* [Given data]
════════════════
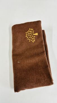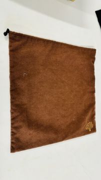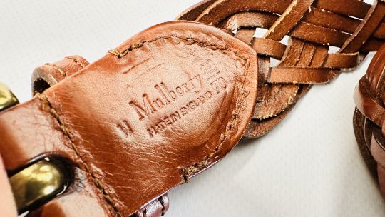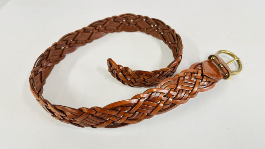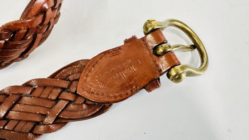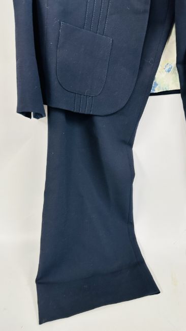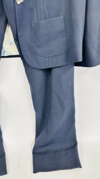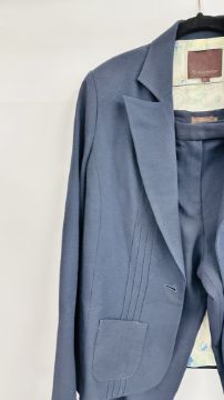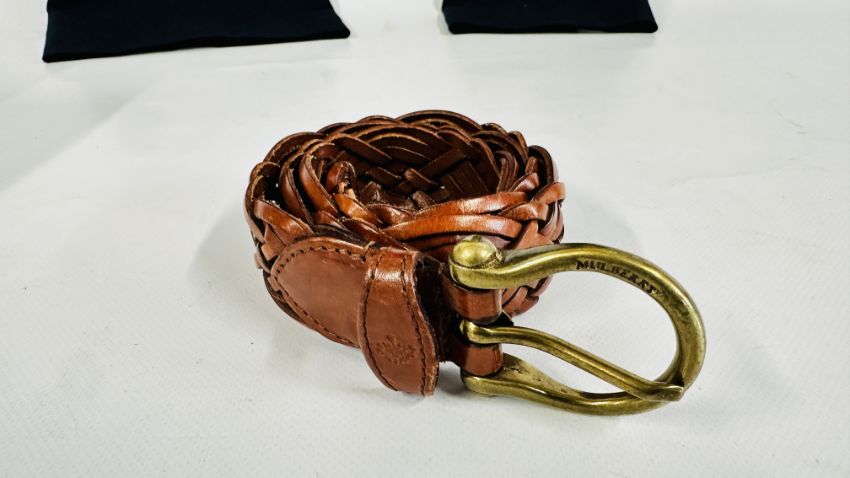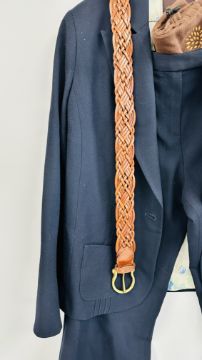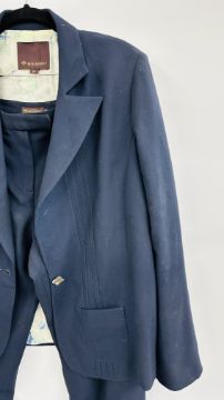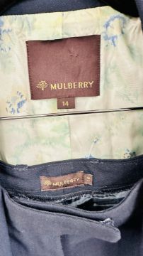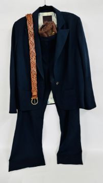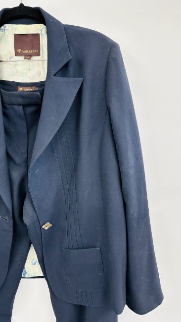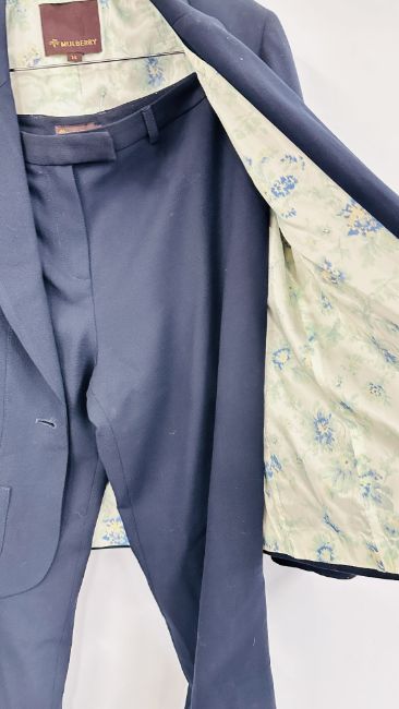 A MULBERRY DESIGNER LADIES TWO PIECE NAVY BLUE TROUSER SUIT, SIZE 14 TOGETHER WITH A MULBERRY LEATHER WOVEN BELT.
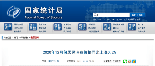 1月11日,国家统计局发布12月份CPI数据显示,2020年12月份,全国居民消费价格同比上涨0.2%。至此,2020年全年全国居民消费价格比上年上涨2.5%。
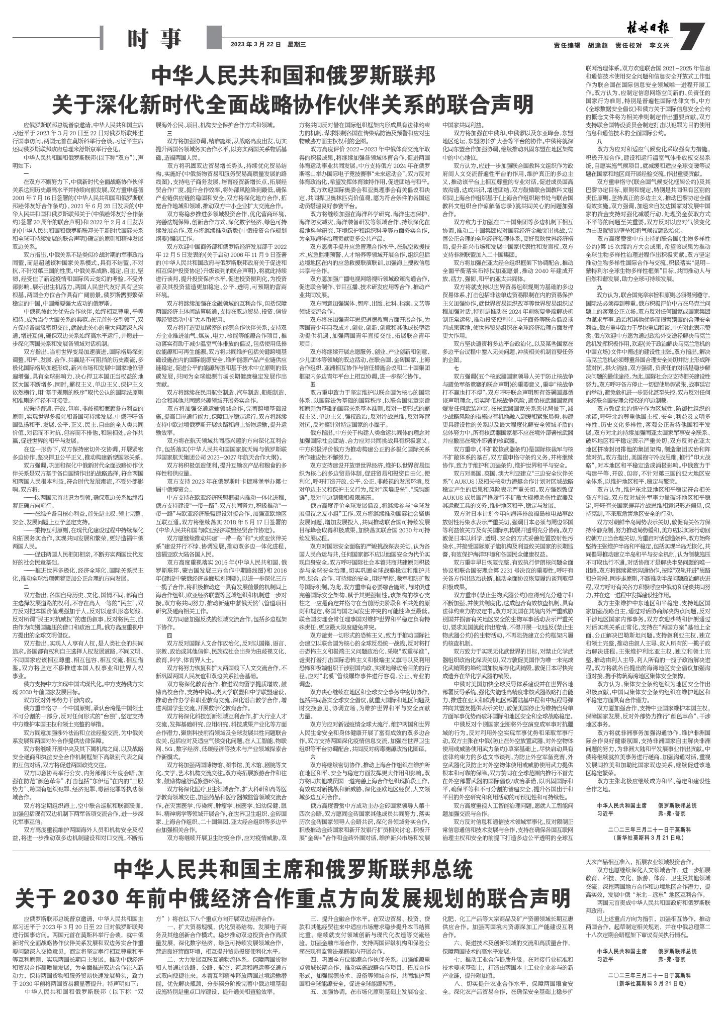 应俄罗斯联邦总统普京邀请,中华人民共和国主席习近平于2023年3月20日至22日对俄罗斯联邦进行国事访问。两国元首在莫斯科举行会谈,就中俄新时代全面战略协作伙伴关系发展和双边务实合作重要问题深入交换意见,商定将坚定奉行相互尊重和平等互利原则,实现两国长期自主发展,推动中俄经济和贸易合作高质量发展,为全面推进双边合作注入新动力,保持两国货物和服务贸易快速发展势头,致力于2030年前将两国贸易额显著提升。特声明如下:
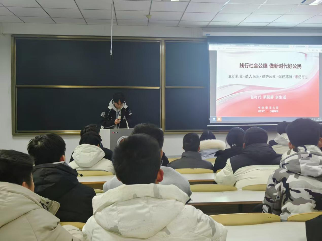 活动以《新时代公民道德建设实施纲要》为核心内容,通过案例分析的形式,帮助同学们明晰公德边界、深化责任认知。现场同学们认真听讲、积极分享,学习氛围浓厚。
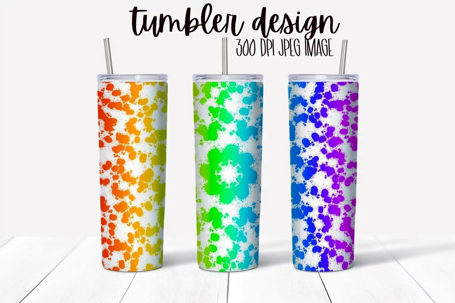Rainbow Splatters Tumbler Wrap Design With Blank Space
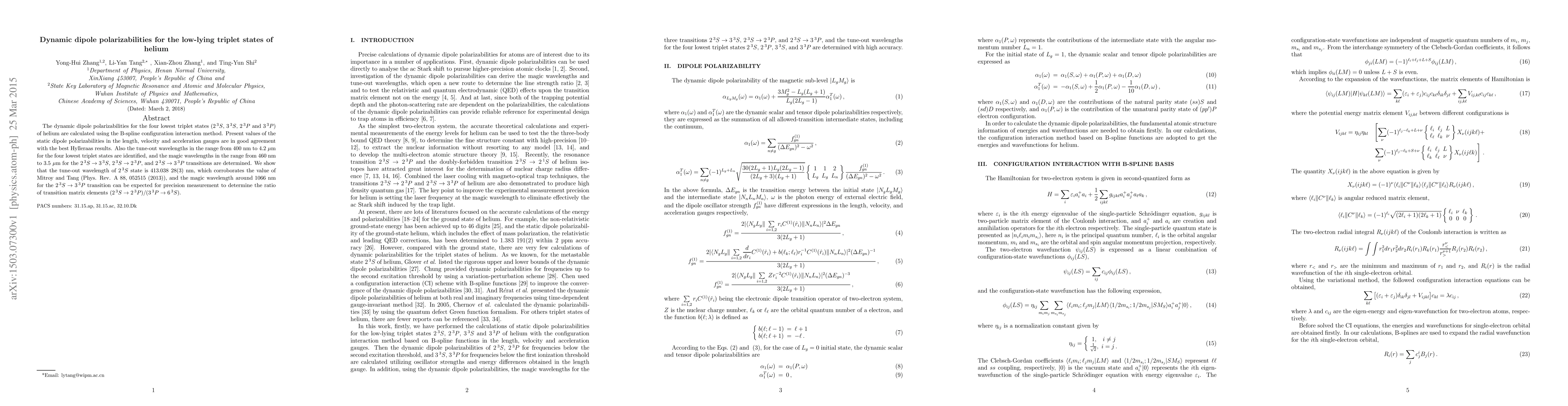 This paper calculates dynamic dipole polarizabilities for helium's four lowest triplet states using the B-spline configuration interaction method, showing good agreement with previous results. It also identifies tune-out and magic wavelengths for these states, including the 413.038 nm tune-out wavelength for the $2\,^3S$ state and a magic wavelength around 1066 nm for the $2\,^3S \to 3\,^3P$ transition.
════════════════
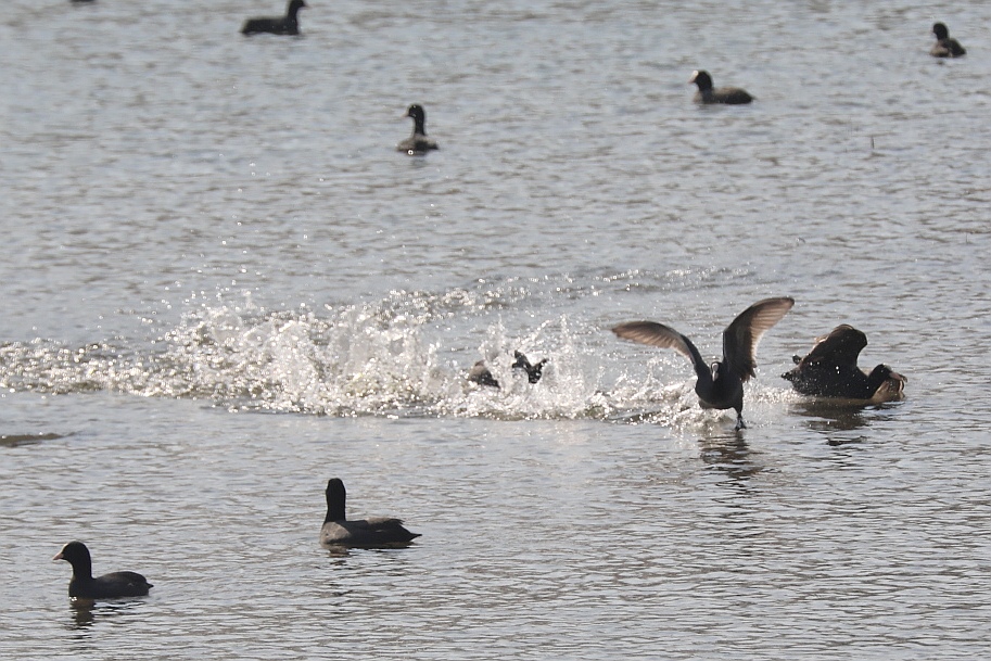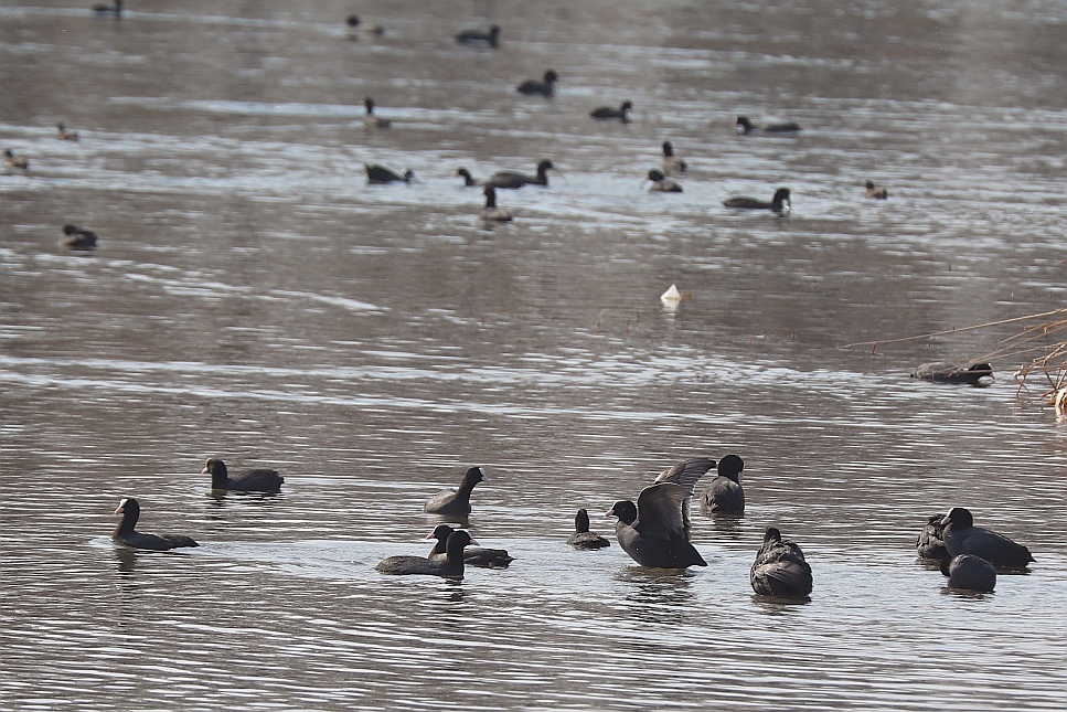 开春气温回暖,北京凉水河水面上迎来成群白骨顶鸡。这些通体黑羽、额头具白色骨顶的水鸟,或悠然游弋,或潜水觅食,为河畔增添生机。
════════════════
* [What the task asks] Using the entries above, transcribe exactly from the line that has "1月11日,国家统计局发布1" through the line that has "活动以《新时代公民道德建设实". Pictures are dropped.

* [Task result]
 1月11日,国家统计局发布12月份CPI数据显示,2020年12月份,全国居民消费价格同比上涨0.2%。至此,2020年全年全国居民消费价格比上年上涨2.5%。
 应俄罗斯联邦总统普京邀请,中华人民共和国主席习近平于2023年3月20日至22日对俄罗斯联邦进行国事访问。两国元首在莫斯科举行会谈,就中俄新时代全面战略协作伙伴关系发展和双边务实合作重要问题深入交换意见,商定将坚定奉行相互尊重和平等互利原则,实现两国长期自主发展,推动中俄经济和贸易合作高质量发展,为全面推进双边合作注入新动力,保持两国货物和服务贸易快速发展势头,致力于2030年前将两国贸易额显著提升。特声明如下:
 活动以《新时代公民道德建设实施纲要》为核心内容,通过案例分析的形式,帮助同学们明晰公德边界、深化责任认知。现场同学们认真听讲、积极分享,学习氛围浓厚。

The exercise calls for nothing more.